Heterogeneous graph representation learning HGRL aims to project nodes in a HIN into a low-dimensional vector space while preserving the heterogeneous node attributes and edges. A recent survey presents a comprehensive overview of HGRL (Dong et al. 2020), covering shallow heterogeneous network embedding methods (Dong et al. 2017; Fu et al. 2017; Fan et al. 2018), and heterogeneous GNN-based approaches that are empowered by rather complex deep encoders (Meng et al. 2015; Schlichtkrull et al. 2019; Zhang et al. 2019; Wang et al. 2019; Fu et al. 2020; Hu et al. 2020; Zheng et al. 2021). The “shallow” methods are characterised as an embedding lookup table, meaning that they directly encode each node in the network as a vector, and this embedding table is the parameter to be optimised. However, they cannot utilise the node attributes and do not support the end-to-end training strategy. On the other hand, inspired by the recent outstanding performance of GNN models, some studies have attempted to extend GNNs for HINs. R-GCNs (Schlichtkrull et al. 2019) keep a distinct linear projection weight for each relation type. HetGNN (Zhang et al. 2019) adopts different recurrent neural networks for different node types to incorporate multi-modal attributes. HAN (Wang et al. 2019) extends GAT (Velickovic et al. 2018) by maintaining weights for different meta-path-defined edges. MAGNN (Fu et al. 2020) defines meta-path instance encoders, which are used to extract the structural and semantic information ingrained in the meta-path instances. However, all of these models require manual effort and domain expertise to define meta-paths in order to capture the semantics underlying the given heterogeneous graph.
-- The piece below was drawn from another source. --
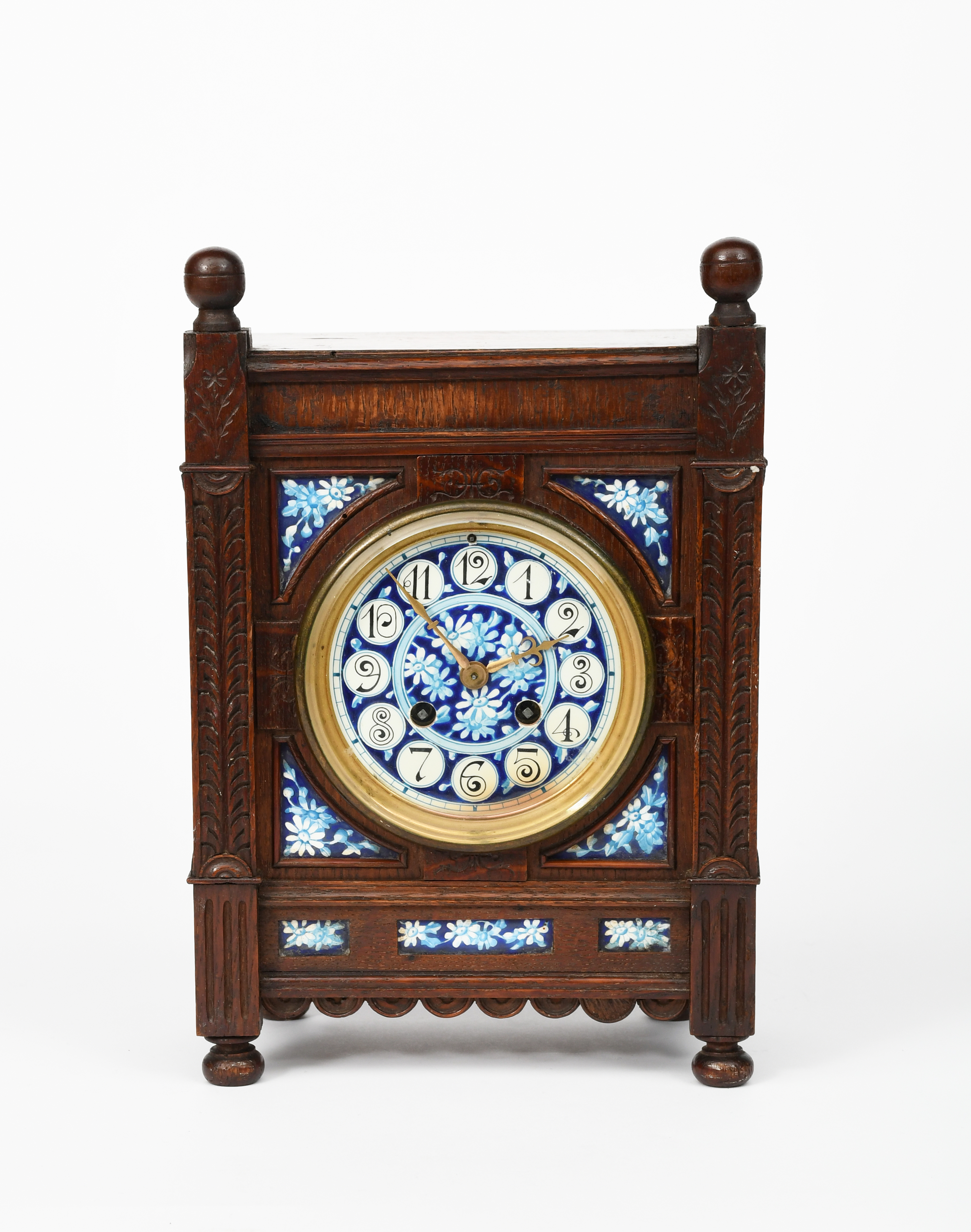 An Aesthetic Movement oak mantel clock the design attributed to Lewis F Day, rectangular with carved pillars, on bun feet, applied with enamelled ceramic panels and circular dial decorated with white daisy flowers, Arabic numerals, unsigned, 30cm. high

A recent model, HGT (Hu et al. 2020), attempts to avoid the dependency on hand-crafted meta-paths by devising transferable relation scores, but the number of layers limits its exploration range, and it introduces a large number of additional parameters to optimise. GTN Yun et al. (2019) selects meta-paths from a group of adjacency matrices with learnable weights. The weights are shared among all nodes and are thus not flexible to generate node-specific meta-paths for each individual node. In addition, FSPG Meng et al. (2015), AutoPath Yang et al. (2018) and MPDRL Wan et al. (2020) attempt to employ RL technologies to discover paths between pairs of nodes and further learn node representations for predicting the possibility of the existing edges between node pairs. They assume the founded paths explicitly represent the similarity between two nodes. However, they can only identify meta-paths that describe two nodes’ similarities instead of generating meta-path for individual nodes to learn their representations for node-wise tasks. Moreover, some work (Tanon et al. 2018; Ahmadi et al. 2020) concerns the discovery of frequent patterns in a HIN and the subsequent transformation of these patterns into rules, aka rule mining. But the found patterns are not designed for specific tasks or nodes. Consequently, we believe it is necessary and essential to developing a new HGRL framework that can support the adaptive generation of personalised meta-paths for each node in HIN for node-wise tasks.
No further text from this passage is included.